§ Exercise objective
With pictures excluded, copy word for word the lines in the data below from the line containing "長身サウスポーの平岡は2回、" through the line containing "Lanterna multifunctionala Swat".

---+---

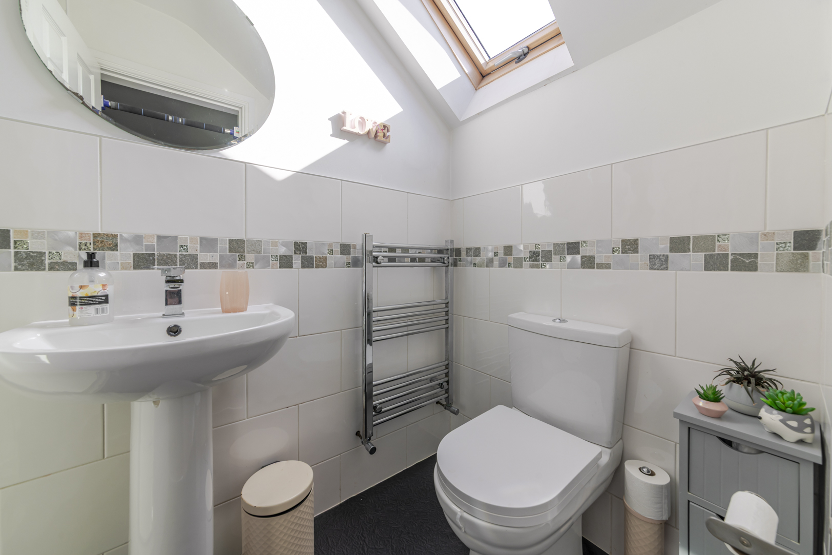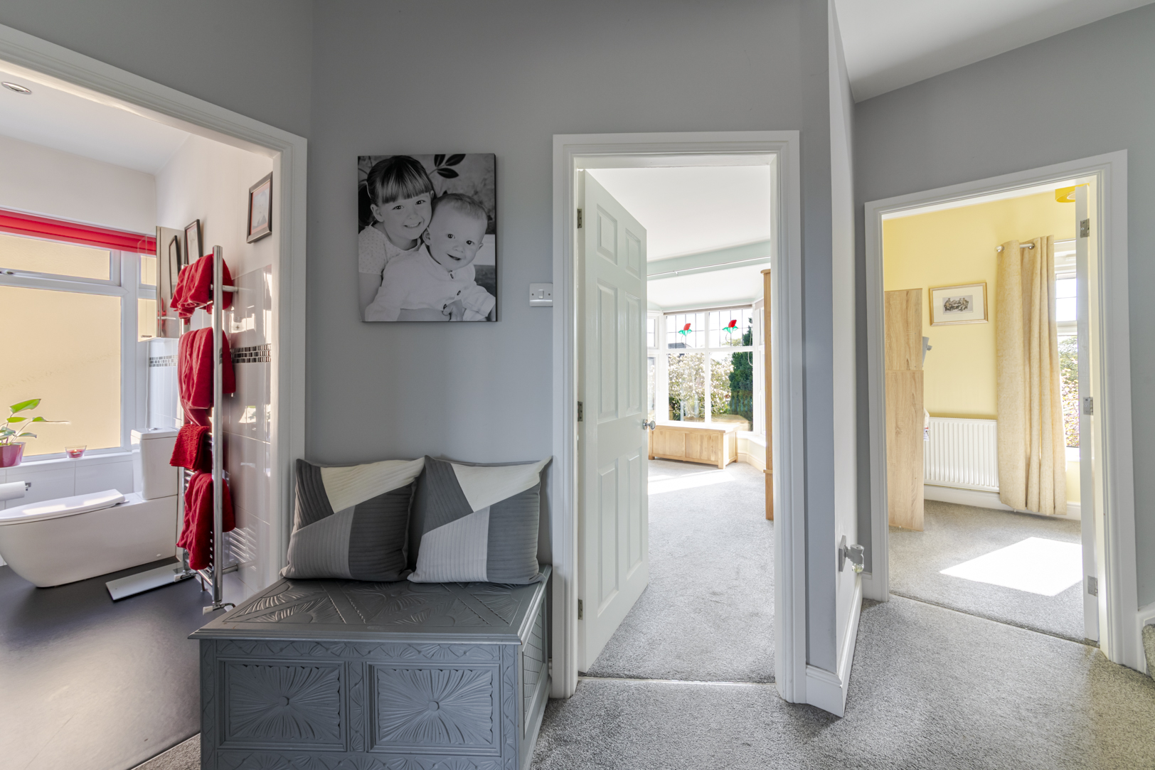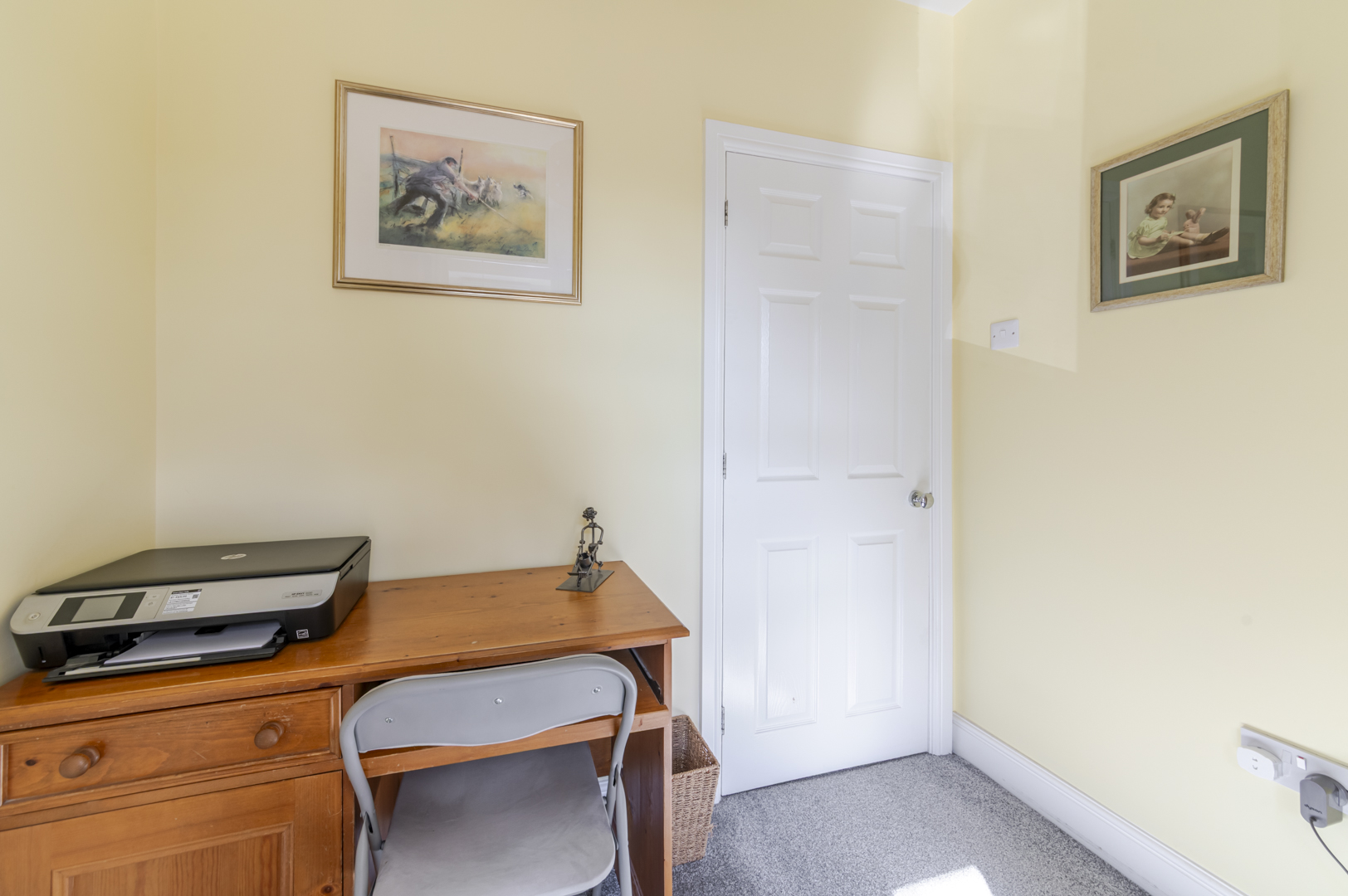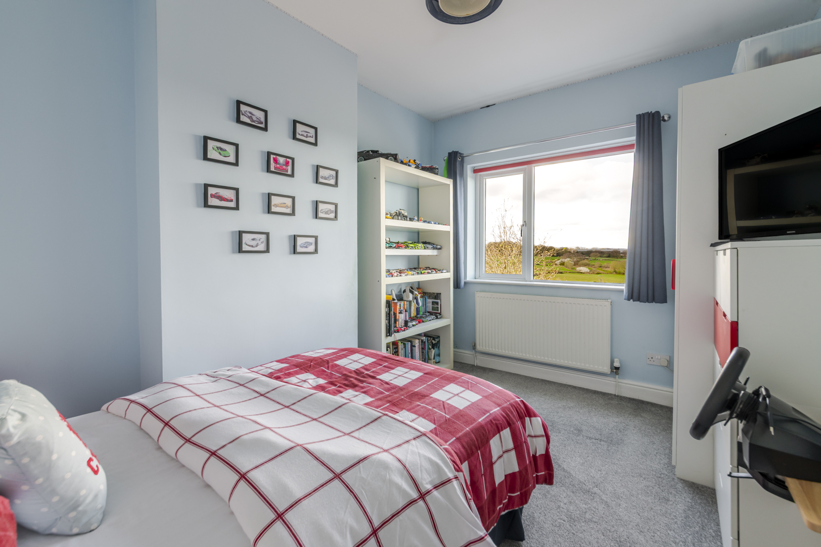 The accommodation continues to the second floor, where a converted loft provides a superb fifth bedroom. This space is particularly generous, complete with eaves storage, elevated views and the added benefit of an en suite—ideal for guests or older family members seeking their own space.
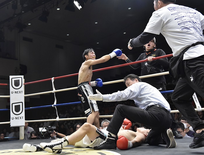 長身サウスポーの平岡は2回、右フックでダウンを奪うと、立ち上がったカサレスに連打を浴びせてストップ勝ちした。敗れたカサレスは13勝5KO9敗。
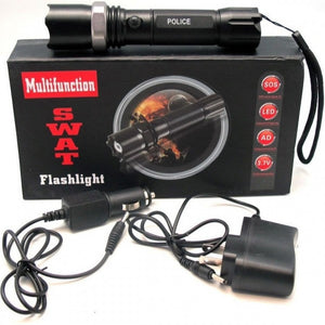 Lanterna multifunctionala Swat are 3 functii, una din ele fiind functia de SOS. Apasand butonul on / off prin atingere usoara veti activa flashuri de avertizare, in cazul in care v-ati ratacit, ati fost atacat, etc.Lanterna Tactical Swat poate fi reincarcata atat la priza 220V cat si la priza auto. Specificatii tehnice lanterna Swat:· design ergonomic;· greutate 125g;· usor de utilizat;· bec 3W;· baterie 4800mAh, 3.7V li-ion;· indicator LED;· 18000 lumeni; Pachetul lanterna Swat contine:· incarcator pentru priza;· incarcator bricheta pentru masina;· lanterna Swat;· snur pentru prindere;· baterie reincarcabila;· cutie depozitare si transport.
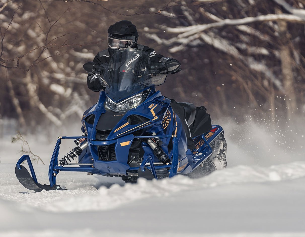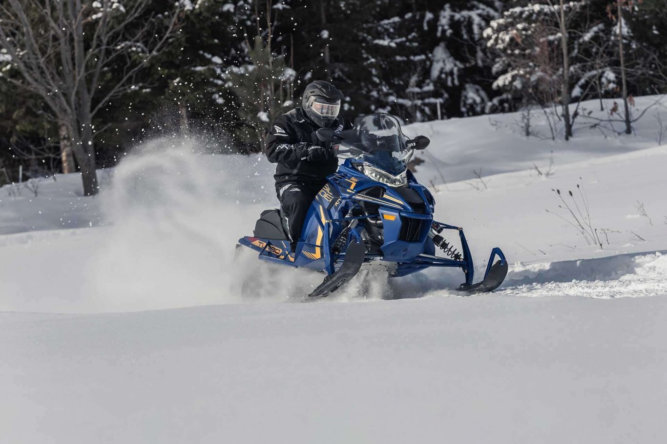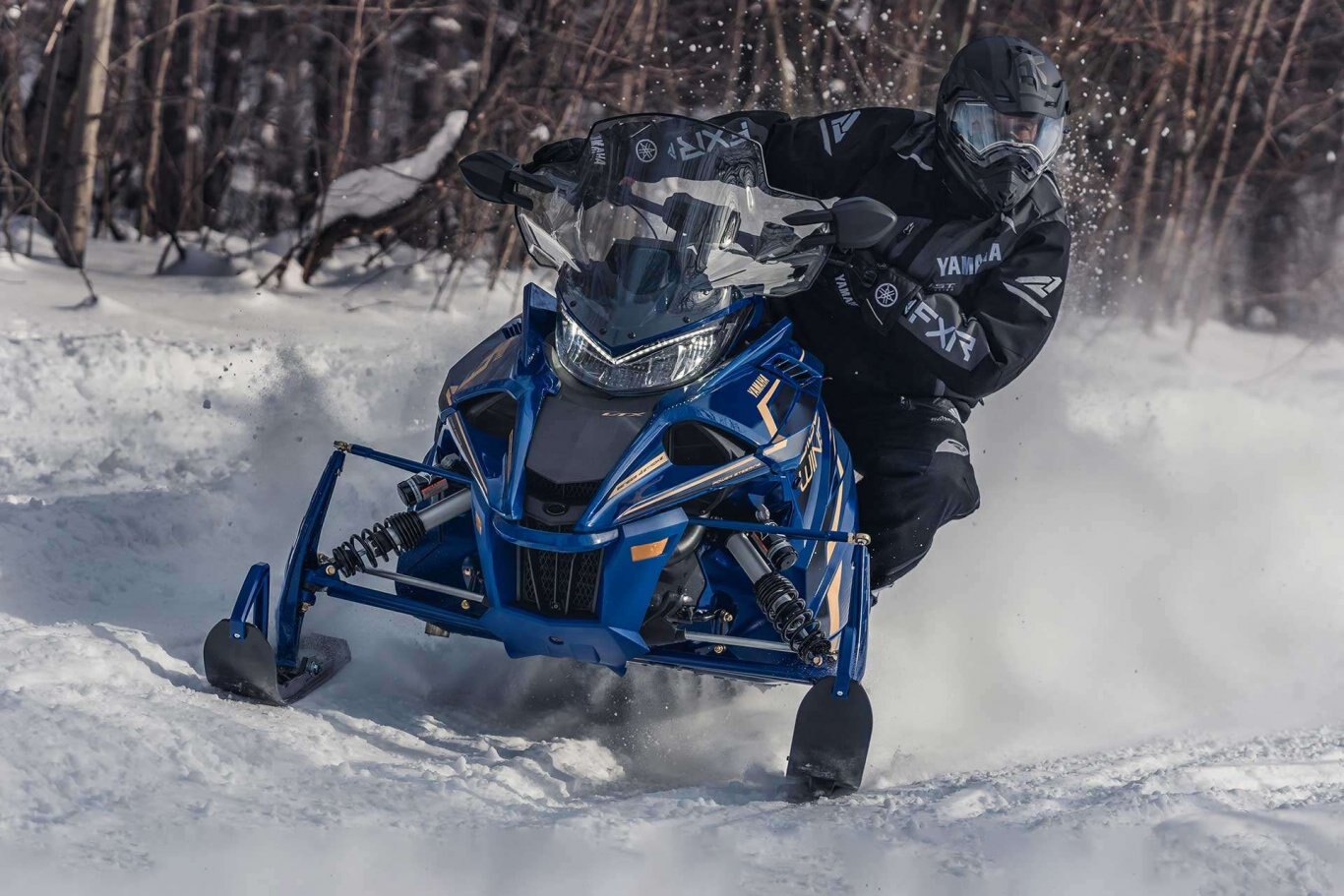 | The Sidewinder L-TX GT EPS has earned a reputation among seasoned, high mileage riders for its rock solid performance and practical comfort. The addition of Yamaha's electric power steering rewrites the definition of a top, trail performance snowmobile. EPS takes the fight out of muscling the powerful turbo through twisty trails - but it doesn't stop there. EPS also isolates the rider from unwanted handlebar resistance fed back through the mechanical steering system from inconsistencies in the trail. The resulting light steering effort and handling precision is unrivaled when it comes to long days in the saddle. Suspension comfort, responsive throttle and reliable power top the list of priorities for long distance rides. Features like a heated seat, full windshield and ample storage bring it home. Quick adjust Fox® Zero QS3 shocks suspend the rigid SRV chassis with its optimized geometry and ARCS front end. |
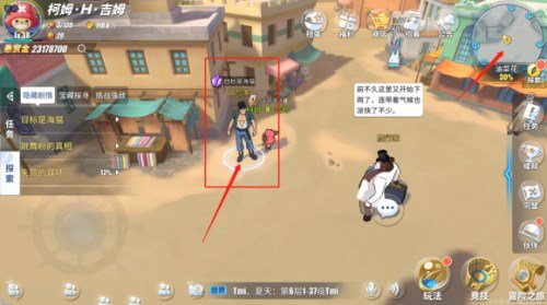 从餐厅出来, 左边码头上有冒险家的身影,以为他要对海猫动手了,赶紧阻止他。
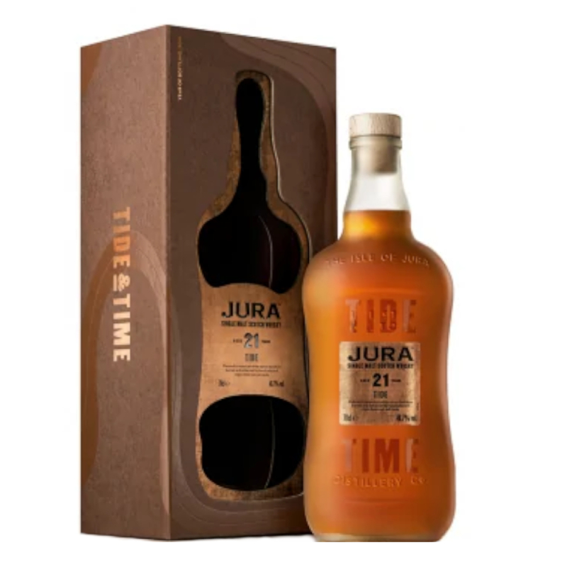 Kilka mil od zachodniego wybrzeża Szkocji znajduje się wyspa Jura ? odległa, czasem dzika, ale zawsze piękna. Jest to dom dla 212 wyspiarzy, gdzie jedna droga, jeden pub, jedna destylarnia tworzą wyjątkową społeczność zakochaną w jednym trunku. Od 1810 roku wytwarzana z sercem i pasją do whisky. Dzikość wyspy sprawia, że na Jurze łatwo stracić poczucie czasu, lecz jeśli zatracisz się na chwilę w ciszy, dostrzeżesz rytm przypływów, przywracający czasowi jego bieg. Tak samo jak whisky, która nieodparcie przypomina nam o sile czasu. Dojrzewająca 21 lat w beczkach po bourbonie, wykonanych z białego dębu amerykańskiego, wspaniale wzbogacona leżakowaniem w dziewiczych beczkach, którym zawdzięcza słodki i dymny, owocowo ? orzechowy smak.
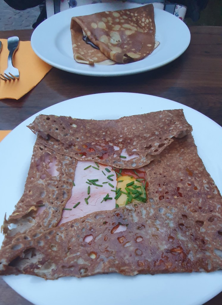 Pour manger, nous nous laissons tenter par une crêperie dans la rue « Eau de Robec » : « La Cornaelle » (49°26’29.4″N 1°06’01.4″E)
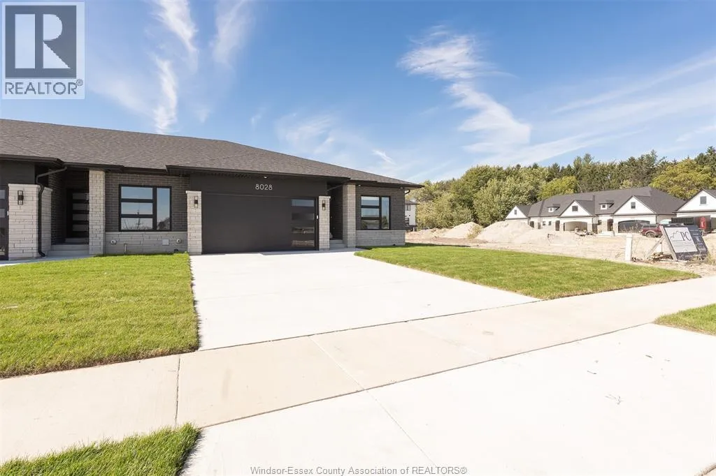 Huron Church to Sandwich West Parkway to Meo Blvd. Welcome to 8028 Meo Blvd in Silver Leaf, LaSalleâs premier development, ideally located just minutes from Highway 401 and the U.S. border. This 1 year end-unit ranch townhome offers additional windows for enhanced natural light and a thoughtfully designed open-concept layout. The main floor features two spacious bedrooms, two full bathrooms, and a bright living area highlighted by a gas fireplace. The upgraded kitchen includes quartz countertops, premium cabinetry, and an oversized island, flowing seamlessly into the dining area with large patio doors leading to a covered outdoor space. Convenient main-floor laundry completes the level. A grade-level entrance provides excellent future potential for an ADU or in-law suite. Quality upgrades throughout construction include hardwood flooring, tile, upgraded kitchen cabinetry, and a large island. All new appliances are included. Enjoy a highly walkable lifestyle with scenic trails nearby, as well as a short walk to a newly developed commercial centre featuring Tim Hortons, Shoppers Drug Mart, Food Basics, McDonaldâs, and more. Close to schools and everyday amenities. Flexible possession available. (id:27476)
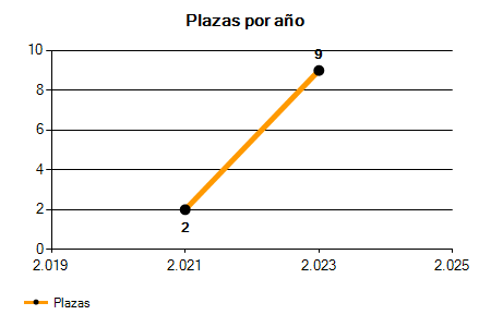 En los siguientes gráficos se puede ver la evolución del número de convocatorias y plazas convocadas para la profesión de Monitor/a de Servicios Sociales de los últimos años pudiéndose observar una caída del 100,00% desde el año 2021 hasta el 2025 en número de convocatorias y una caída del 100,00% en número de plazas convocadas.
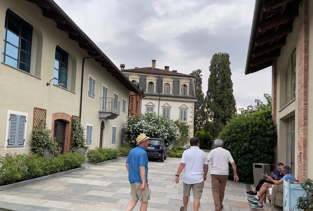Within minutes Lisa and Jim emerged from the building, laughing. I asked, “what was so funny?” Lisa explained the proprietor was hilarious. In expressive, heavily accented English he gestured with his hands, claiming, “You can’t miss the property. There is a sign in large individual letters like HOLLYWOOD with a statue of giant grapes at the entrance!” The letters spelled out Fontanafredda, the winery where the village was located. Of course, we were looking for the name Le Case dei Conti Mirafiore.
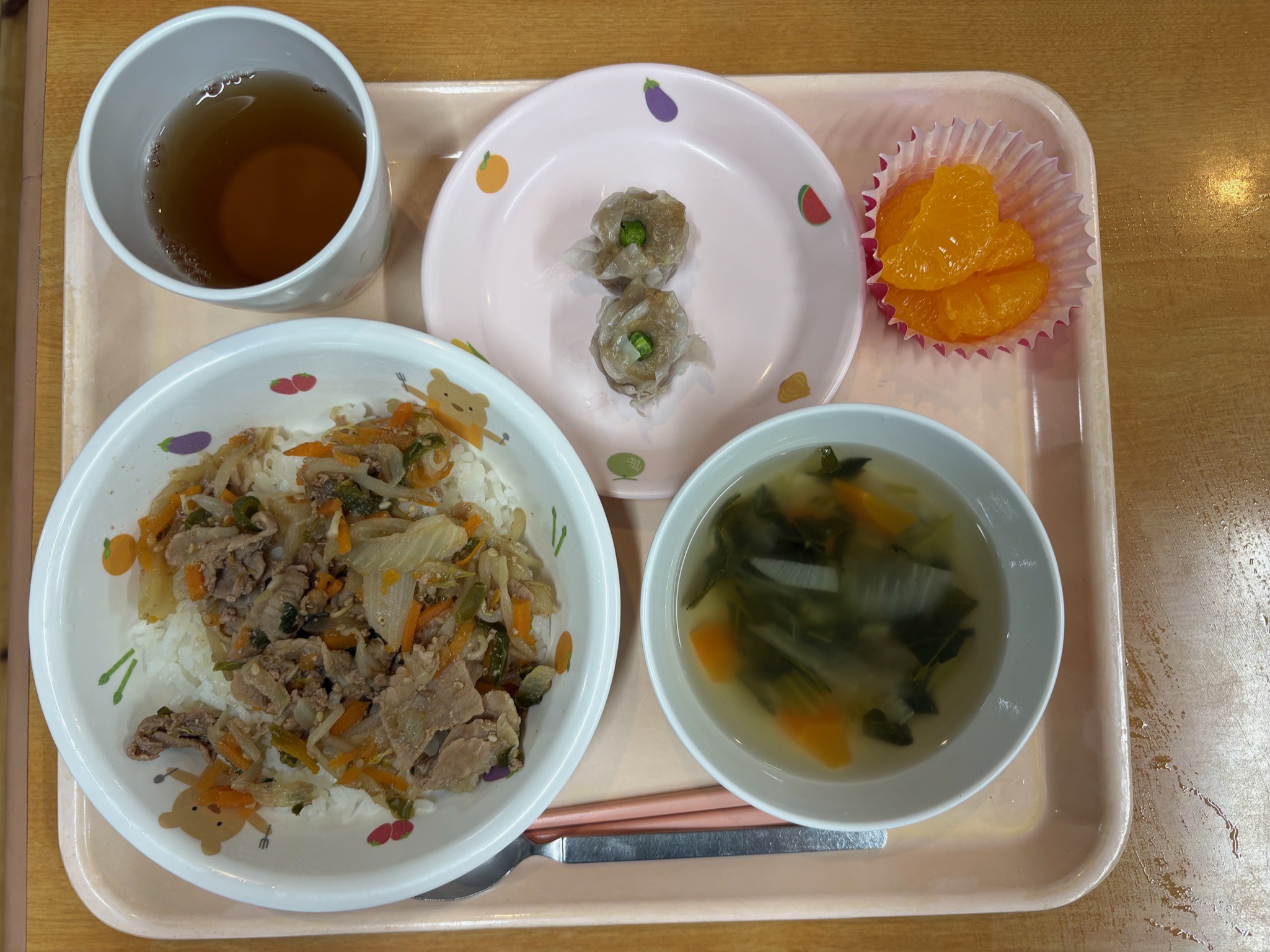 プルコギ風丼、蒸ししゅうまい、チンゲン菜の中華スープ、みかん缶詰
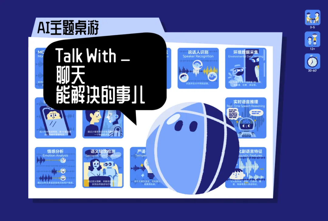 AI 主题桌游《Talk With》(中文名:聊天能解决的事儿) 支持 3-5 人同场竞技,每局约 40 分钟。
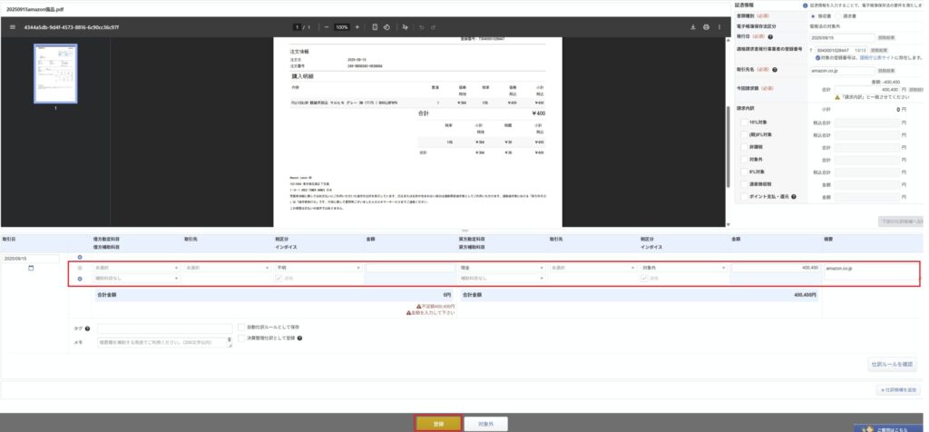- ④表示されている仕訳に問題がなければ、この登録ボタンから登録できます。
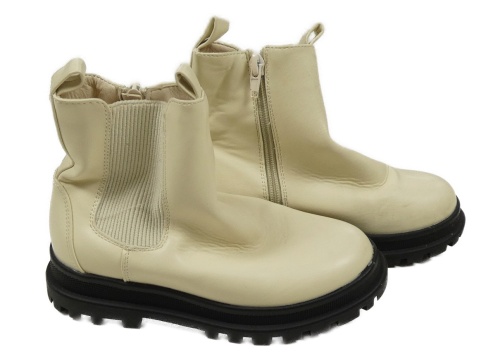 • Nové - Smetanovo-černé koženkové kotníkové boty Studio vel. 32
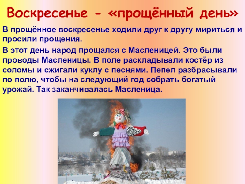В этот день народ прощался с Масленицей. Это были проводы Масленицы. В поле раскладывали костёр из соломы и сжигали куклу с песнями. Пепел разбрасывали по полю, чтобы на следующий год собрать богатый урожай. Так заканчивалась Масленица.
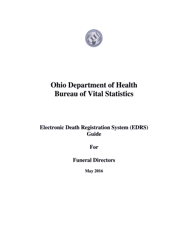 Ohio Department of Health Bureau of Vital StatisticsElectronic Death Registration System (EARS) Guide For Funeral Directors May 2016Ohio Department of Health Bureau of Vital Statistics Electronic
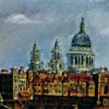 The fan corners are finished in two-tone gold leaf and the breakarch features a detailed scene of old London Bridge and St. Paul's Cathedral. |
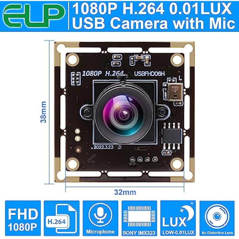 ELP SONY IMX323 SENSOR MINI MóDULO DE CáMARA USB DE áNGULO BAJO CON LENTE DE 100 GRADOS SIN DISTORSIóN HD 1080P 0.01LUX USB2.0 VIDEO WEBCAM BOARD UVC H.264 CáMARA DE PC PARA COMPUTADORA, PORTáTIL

---+---

§ Solution to the problem
 長身サウスポーの平岡は2回、右フックでダウンを奪うと、立ち上がったカサレスに連打を浴びせてストップ勝ちした。敗れたカサレスは13勝5KO9敗。
 Lanterna multifunctionala Swat are 3 functii, una din ele fiind functia de SOS. Apasand butonul on / off prin atingere usoara veti activa flashuri de avertizare, in cazul in care v-ati ratacit, ati fost atacat, etc.Lanterna Tactical Swat poate fi reincarcata atat la priza 220V cat si la priza auto. Specificatii tehnice lanterna Swat:· design ergonomic;· greutate 125g;· usor de utilizat;· bec 3W;· baterie 4800mAh, 3.7V li-ion;· indicator LED;· 18000 lumeni; Pachetul lanterna Swat contine:· incarcator pentru priza;· incarcator bricheta pentru masina;· lanterna Swat;· snur pentru prindere;· baterie reincarcabila;· cutie depozitare si transport.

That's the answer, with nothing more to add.